During the crucial weeks when negotiations with Iran seemed headed for conclusion, Barnea was frank in telling US officials that he knew they had already made up their minds to sign, but that new information had come to light in the interim. Even as the Americans, according to Israeli sources, listened and deliberated, they witnessed the above-mentioned developments taking place in front of their eyes. The deal was dead in the water, and unlikely to resurface any time soon.

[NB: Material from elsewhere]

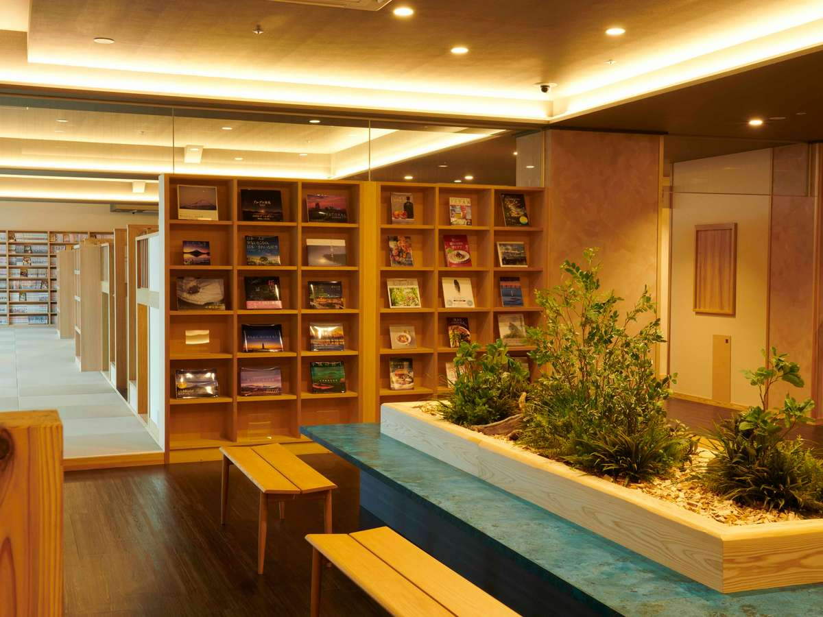 【休息房】350uの広々としたリラクゼーションスペースもご用意。横になって休めるスペースや約2,500冊のコミックや様々なジャンルの書籍もございます。

Nonetheless, this is hardly a victory for Israel. Citing Israeli sources, Haaretz reported today that Iran could employ the same technology it uses for the missiles in its space program to make ballistic missiles carrying nuclear warheads and significantly expand the range of its conventional missiles. At the same time, Iran’s uranium enrichment is now at its most advanced stage ever. The incoming Netanyahu government is shaping up as the most extreme in Israeli history and risks losing a significant measure of international legitimacy. In the United States, meanwhile, Democrats are looking ahead to the 2024 presidential elections. These developments do not augur well for Israel, and especially not for Netanyahu, who has turned the Iran issue into a mainstay of his agenda. Absent an agreement with world powers, Iran is realizing its ambitions to become a nuclear power.